С нашей семьей у Дин Лу сложились довольно интересные отношения. Мы вовсе не входили в круг его челяди, хотя наша прабабушка в свое время и прислуживала в его доме. Между его дедом, отцом и нашей родней давно существовали какие-то связи, но сказать, чтобы они были тесные, нельзя, так как связи то возникали, то внезапно прерывались. Такие отношения продолжались и при Дин Лу, после того как он сделался главою семьи. Иногда мы ходили к нему с визитом, он мог принять нас, а мог не принять — все зависело от его настроения. Случалось, что в минуты душевного подъема он неожиданно возникал в нашем доме, как это случилось в тот день, когда он вдруг пришел с поздравлениями. Потом мы узнали, что его визит объяснялся тем, что у него только что родилась дочь.
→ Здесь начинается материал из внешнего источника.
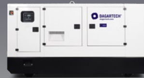
DGVSW 520 ST
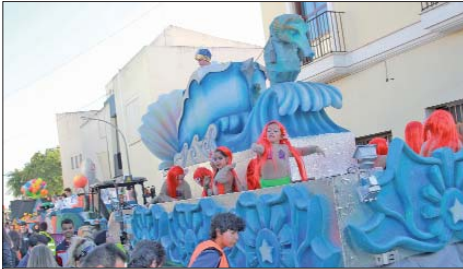
'Las sirenas' abandonaron su hábitat en el fondo del mar y se subieron a una carroza para compartir esta jornada con los vecinos.
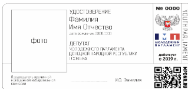
Рис. 2 Правая внутренняя вклейка удостоверения

Фон удостоверения украшен орнаментом, состоящим из синего, голубого и белого цветов.
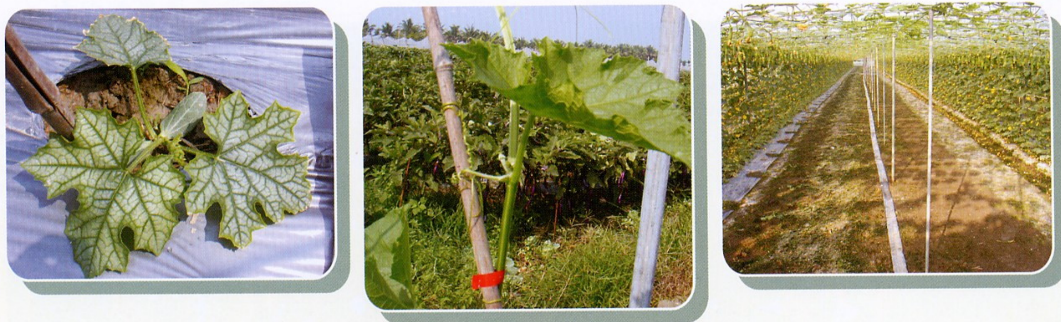
圖7.春夏季絲瓜留子蔓單蔓高密度栽培法行早期摘心，選留粗壯之子蔓1條(圖左)，優點為降低雌花始花節位(圖中)，增加節成性(圖右)。

春夏季絲瓜留子蔓單蔓高密度栽培法(圖7)適合株距亦為30—60公分，幼苗定植到田間成活後，葉齡4—5葉前早期摘心，選留粗壯之子蔓1條，其他理蔓去葉措施如留母蔓單蔓栽培法。春夏季絲瓜採留子蔓單蔓栽培其雌花始花期與慣行栽培法相近，優點為降低雌花始花節位5—7節，增加節成性，為高效率生產模式。
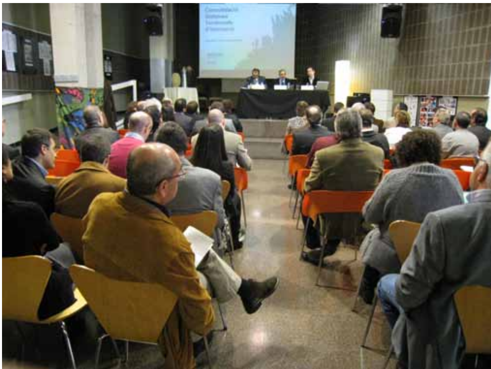
Presentació del Pla d'Innovació Local a Granollers

El Vallès Oriental es caracteritza en els negocis d'alimentació, hàbitat i salut. Aquesta és la conclusió que es desprèn del Pla d'innovació del Vallès Oriental, coliderat per ACCIÓ, l'Ajuntament de Granollers i el Consell Comarcal del Vallès Oriental, i que té l'objectiu de dinamitzar el teixit econòmic de la comarca. El Pla identifica els eixos que han d'actuar com a transformadors de la realitat econòmica del territori i preveu dur a terme actuacions per reforçar els clústers amb major potencial de creixement identificats a la comarca: alimentació, hàbitat i salut.
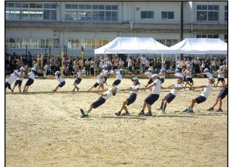
(3年 綱引きチャチャチャ)
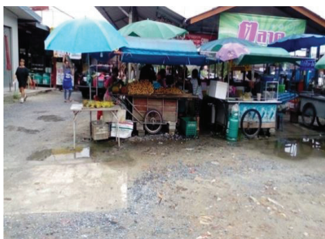
ภาพที่ 1 ตลาดบ้านหน้าเขามหาชัย

ประกอบการค้าขาย และยังเป็นพาหนะแพร่เชื้อโรคต่าง ๆ อีกมากมาย 2) พัฒนาการในยุค การจัดการระเบียบการคมนาคมบนท้องถนน ในยุคสมัยก่อนจะไม่มีระบบจราจร หรือคนมา ช่วยดูแลความปลอดภัยบนท้องถนนหน้าตลาดบ้านหน้าเขามหาชัยมาร่วมการพัฒนา และหา แนวทางแก้ไขปัญหาดังกล่าว และในยุคการจัดการระเบียบการคมนาคมบนท้องถนนจะพัฒนา โครงข่ายระบบคมนาคม เพื่อแก้ปัญหาการจราจร พร้อมทั้งเพิ่มความสะอาดกสบายของคนในยุค การจัดระเบียบการคมนาคม และสร้างความปลอดภัยในการเดินทางให้มีประสิทธิภาพมากขึ้น และ 3) พัฒนาการในยุคศูนย์จำหน่ายอาหาร และสินค้าสำเร็จรูป พบว่า ในยุคศูนย์ จำหน่ายอาหาร และสินค้าสำเร็จรูปในตลาดบ้านหน้าเขามหาชัย เนื่องจากเป็นตลาด ธรรมดาทั่วไปในการจำหน่ายสินค้า ทั้งอาหารแห้ง และอาหารที่ปรุงแต่งในชีวิตประจำวัน
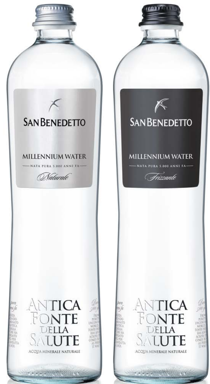
VETRO - 65 CL VAP/VAR
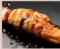
穴子 Conger Eel 星鰻
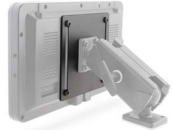
Adapter für VESA

Die Montagehilfen sind in verschiedenen Ausführungen erhältlich. Gewindestift, Trapez- und Rundflansch, verschiedene Lochbilder und angepasst an Armaturen sind nur einige der Ausführungen. Bei Bedarf bieten wir Ihnen gerne eine speziell nach Ihren Vorstellungen angepasste Montagehilfe an.
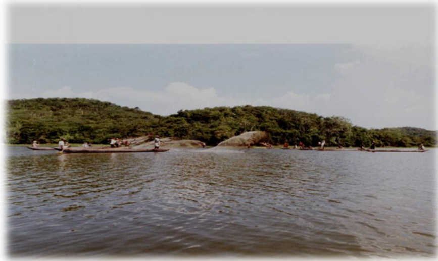
Ilustración 28. Ciénaga de la Candelaria o Nervití
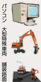
パソコン 大型特殊車両 舗装路面

申告期限は、令和5年1月31日(火)です。期限間近は大変混雑します。提出は、お早めにお願います。
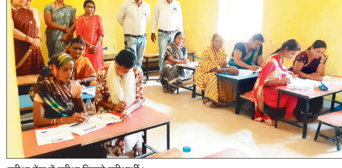
परीक्षा केंद्र में परीक्षा दिलाते परीक्षार्थी।

राज्य साक्षरता मिशन प्राधिकरण की ओर से रविवार को आयोजित उल्लास नवभारत साक्षरता कार्यक्रम बुनियादी परीक्षा विकासखंड के सभी 150 ग्रामों में सफलतापूर्वक संपन्न हुई। क्षेत्र के लगभग सभी प्राथमिक शालाओं को परीक्षा केंद्र बनाया गया और केंद्राध्यक्षों की नियुक्ति कर परीक्षा का विधिवत ढंग से आयोजन किया गया।

Как и я, она появилась на свет в последнем месяце года, только на день раньше. Вот почему Дин Лу находился в состоянии радостного возбуждения. Ему казалось, что на такой подвиг — рождение дочери — во всем мире способен лишь один человек — он сам. Наверное, кок раз в это время в его имении оказался старый лавочник Ван, принесший долговые счета. Он-то и проговорился о том, что в день подношений богу очага в таком-то часу над бедным домом одного знаменного солдата засияла звезда или промчалась комета.
Лавочник Ван дружил с управляющим дома. Всякий раз, когда хозяин хотел полакомиться жареной курочкой или копченой утятиной, управляющий обращался за помощью к Вану, и тот притаскивал сразу две-три птицы, однако в счете появлялась цифра пять или шесть. Когда в конце года приходила пора оплачивать счет, Ван получал деньги за три-четыре птицы. Таким образом, оба приятеля, лавочник и управляющий, в накладе не оставались. Правда, Вана из-за такого мошенничества немного грызла совесть, но управляющий его успокаивал:
— Представь, что я за какой-то срок недодал тебе лян серебра. Как я буду отчитываться перед своим хозяином? Он сразу мне скажет: «Как ты смел при моем положении недодать ему деньги? Не бывать такому никогда!» Соображаешь? Поэтому оставь деньги при себе!.. Если бы дело касалось десяти лянов, тогда другой разговор!
После такого нравоучения угрызения совести мигом исчезали, и лавочник выписывал счет.
Как оказалось, в тот день господин Дин Лу не только оглядел меня, но и, представьте, запомнил. Да, да! Когда мне исполнилось семь лет, а в доме еще и не думали о моем учении, к нам снова пожаловал господин Дин Лу, которого, разумеется, как и в первый раз, увлек радостный порыв. Похохотав и поохав, он повел меня в частную школу, где мне пришлось совершить поклон перед ликом Конфуция и будущим учителем. Дин Лу сделан первый взнос за мое обучение, а на следующий день в нашем доме появился его слуга, принесший три небольшие книжки, «лучшие сочинения», свернутые в трубку, брошюру под названием «Нрав благородного мужа» и кусок синей ткани в один чжан [56] Чжан — мера длины, равная 3,2 м.
длиной, назначение которой так и осталось для всех тайной: то ли в нее следовало завернуть книги, то ли сшить мне штаны и куртку.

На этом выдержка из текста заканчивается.